I have run tcpdump all night to find out what happens. The host receives
an ARP request with a source address of 0.0.0.0:
18:33:51.222688 arp who-has hydra tell 0.0.0.0
0001 0800 0604 0001 0030 65c6 a174 0000
0000 0000 0000 0000 c1af 8755 5555 5555
5555 5555 5555 5555 5555 5555 5555
I think, this may happen if the host does not yet know it's IP address
(DHCP maybe?).
But FreeBSD-current for some unknown reason answers to this request:
18:33:51.222835 arp reply 0.0.0.0 is-at 0:60:97:a:99:f
0001 0800 0604 0002 0060 970a 990f 0000
0000 0030 65c6 a174 0000 0000 5555 5555
5555 5555 5555 5555 5555 5555 5555
and then prints:
Oct 18 18:33:51 scotty /boot/kernel/kernel: arp: 00:30:65:c6:a1:74 is using my IP address 0.0.0.0!

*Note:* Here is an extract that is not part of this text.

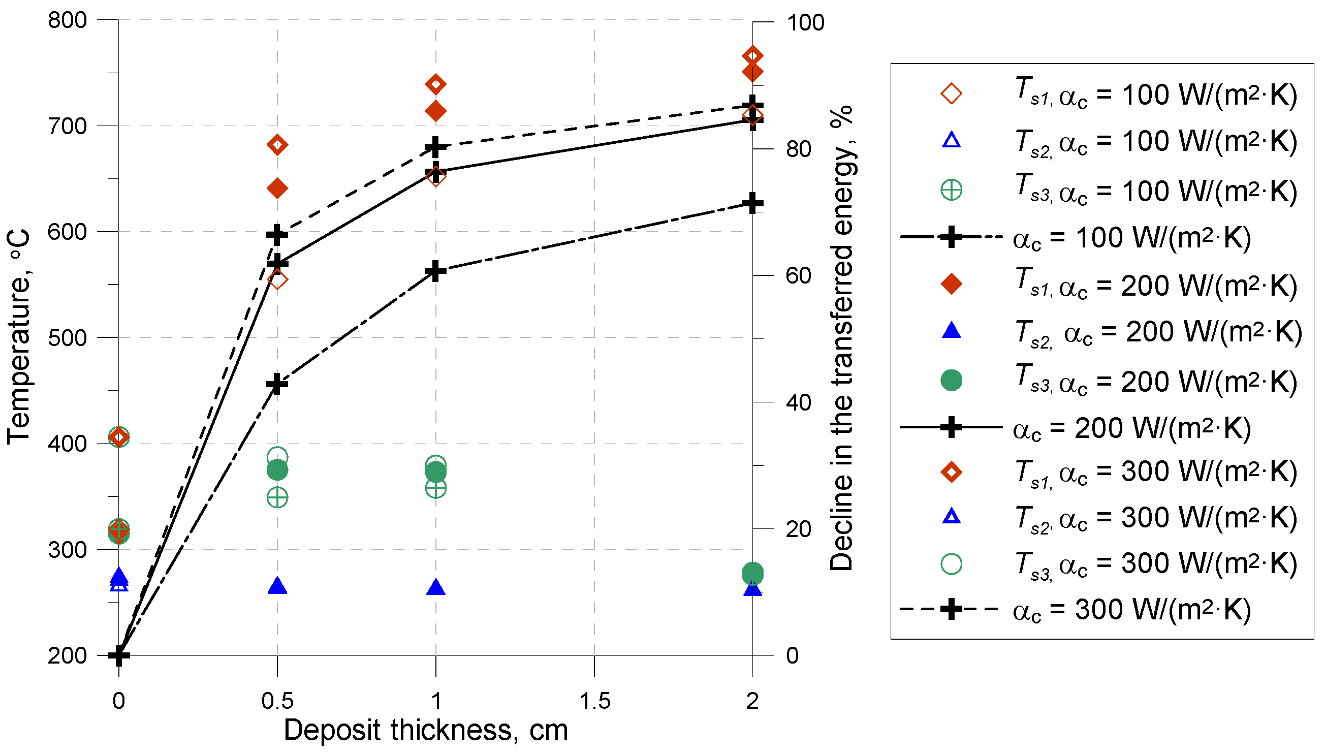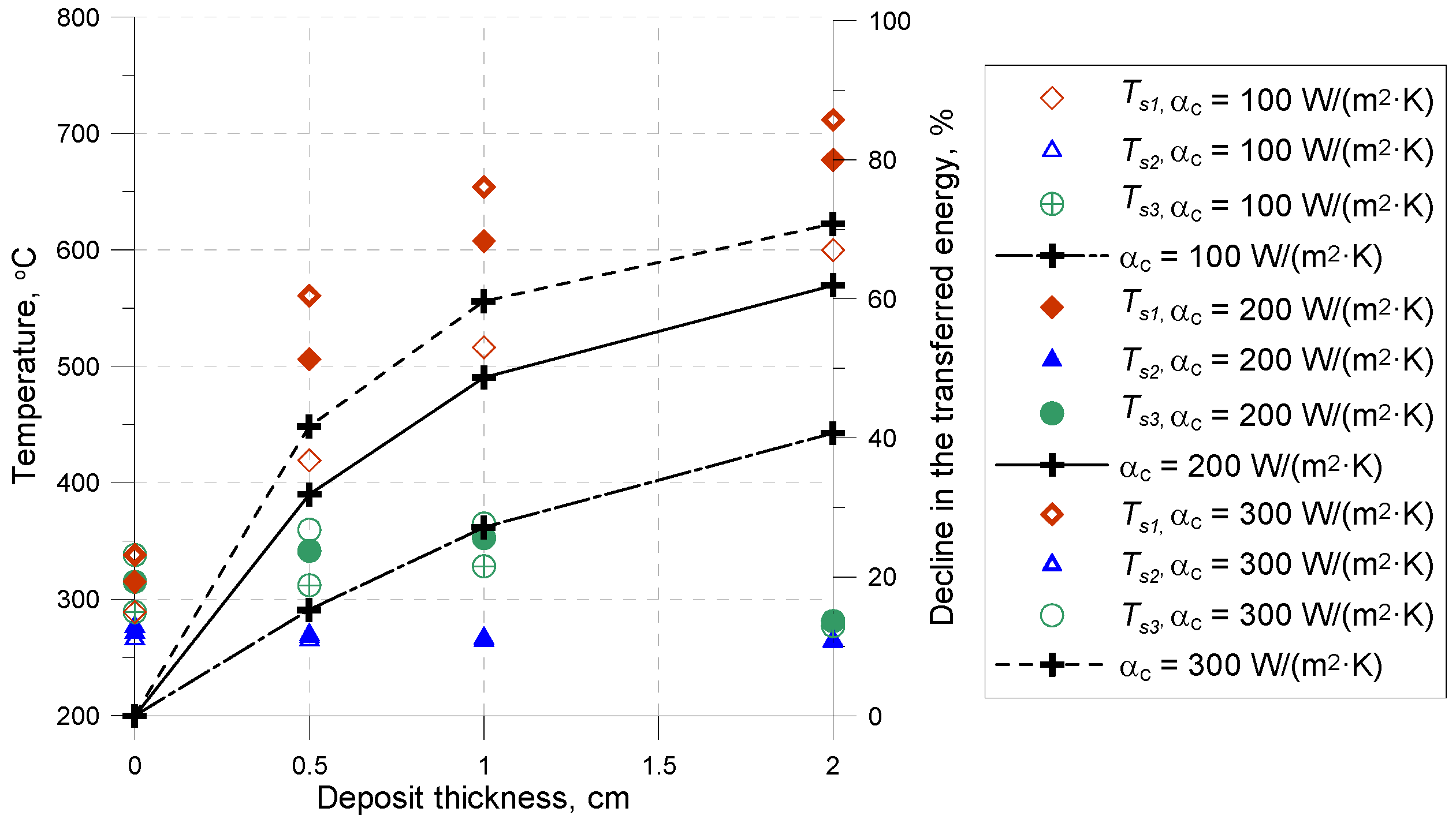 - The initial temperature of the internal and external surface Ts1 and Ts2 of the tube, without a deposit and with a deposit, was 250 °C;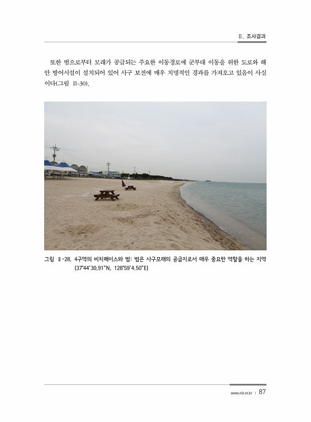 Ⅱ. 조사결과 www.nie.re.kr ? 87 또한 범으로부터 모래가 공급되는 주요한 이동경로에 군부대 이동을 위한 도로와 해 안 방어시설이 설치되어 있어 사구 보전에 매우 치명적인 경과를 가져오고 있음이 사실 이다 그림 Ⅱ-30 그림 Ⅱ-28. 4구역의 비치페이스와 범범은 사구모래의 공급지로서 매우 중요한 역할을 하는 지역 37°4430.91N, 128°594.50E

I think this is because I have an interface that is up and has NO IP
address:
lo0: flags=8049<UP,LOOPBACK,RUNNING,MULTICAST> mtu 16384
inet 127.0.0.1 netmask 0xff000000
xl0: flags=8943<UP,BROADCAST,RUNNING,PROMISC,SIMPLEX,MULTICAST> mtu 1500
inet 193.175.135.70 netmask 0xffffff00 broadcast 193.175.135.255
ether 00:60:97:0a:99:0f
media: Ethernet 10baseT/UTP (10baseT/UTP <half-duplex>)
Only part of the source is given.